REQUIRED WORK: Repeat every line of the data exactly; no picture belongs in the copy.
== DATASET CONTENT ==
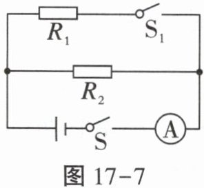 所示的电路$,R_1= 10Ω,$只闭合开关S,电流表示数为0.15A;再闭合开关$S_1,$电流表示数变化了0.3A,则通过$R_1$的电流为
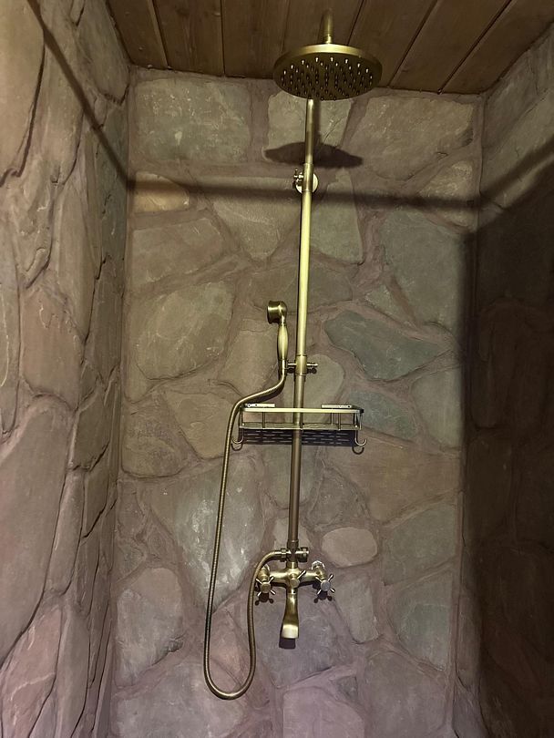На террасе расположена горячая купель из лиственницы диаметром 1.6 метра, рассчитанная на 2-4 взрослых людей.
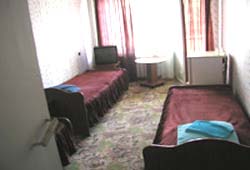 2-х местный номер 1 категории с удобствами (~ 12 кв.м.) - санузел (ванна, туалет, умывальник), телевизор, холодильник, две 1-спальные кровати, лоджия. Доп. место - 1.
===
ANSWER:
 所示的电路$,R_1= 10Ω,$只闭合开关S,电流表示数为0.15A;再闭合开关$S_1,$电流表示数变化了0.3A,则通过$R_1$的电流为
На террасе расположена горячая купель из лиственницы диаметром 1.6 метра, рассчитанная на 2-4 взрослых людей.
 2-х местный номер 1 категории с удобствами (~ 12 кв.м.) - санузел (ванна, туалет, умывальник), телевизор, холодильник, две 1-спальные кровати, лоджия. Доп. место - 1.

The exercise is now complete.